We’ve all heard it said, “It’s not the situation; it’s how you deal with the situation that determines your stress.” Sounds simple, doesn’t it? Change your mind about something and you change your experience of it. Attitude is everything, isn’t it?
Yes and no.
Psychologists have long held that individuals with an internal locus of control, who believe they have a significant degree of self-determination in the course of their lives, fare better than those with an external locus of control.
By contrast, an external locus of control is a belief that life is basically a random stream of events and that luck, the Fates, and other people are really in charge of your future. It’s all a matter of how you interpret events.
Sue lands a job that she loves and determines that this is her reward for years of hard study and a strong work ethic. John lands his dream job and believes he happened to be in the right place at the right time.
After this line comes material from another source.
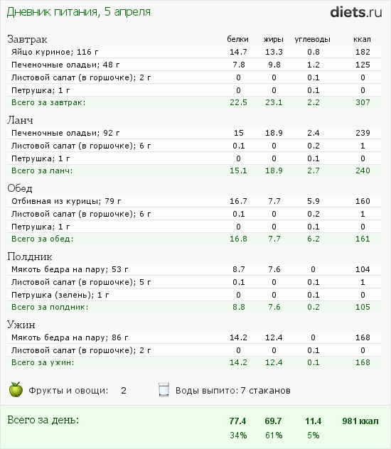 По калорийности сегодня чуть ниже нормы
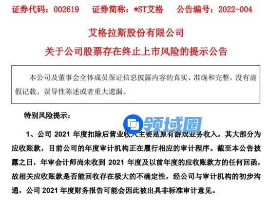 不止艾格拉斯,游久游戏也因年报预告亏损且年收入低于1亿元而触发了退市条款。

Both are probably valid perspectives and neither interpretation will have much bearing on their psychological health since the situation in question is a happy one.
But what happens when life falls apart?
Let’s say Sue gets into a car accident shortly after accepting the new job offer and within the week finds out her husband has to undergo a biopsy for a suspicious tumor. Having a predisposition toward an internal locus of control is likely to result in Sue being proactive with these stressors. She is unlikely to generalize these events and judge her life in general as falling apart.
Although she may be overwhelmed, Sue won’t be prone to catastrophizing. She will likely devote her time to making plans to meet the new demands, believing that she will find a way to get through these stressors and come out on top. She has an inherent belief in herself that will allow her to weather the storm.
John on the other hand, faced with an accident and an ill spouse, might be more inclined to feel helpless and overwhelmed, waiting for the other shoe to drop. He might go so far as to wonder whether these circumstances are signs that he has made wrong choices in other areas of his life and he may begin to question seemingly unrelated issues like his acceptance of the new job offer.
He may second guess himself or take this string of events as evidence that he is not meant to get ahead in life. His inherent belief is that the world is a difficult place and you just have to do the best you can to survive it and that anyone who is too optimistic is wearing rose-colored glasses.
Whose outlook is correct?
Probably both. The world is as much a source of agony as it is a source of joy. The question is not whose truth is more valid, but who stands the best chance of thriving in whatever circumstances occur. Whether she is an optimistic woman by nature (born that way) or nurture (raised that way), Sue has the cards tipped in her favor where stress resilience is concerned.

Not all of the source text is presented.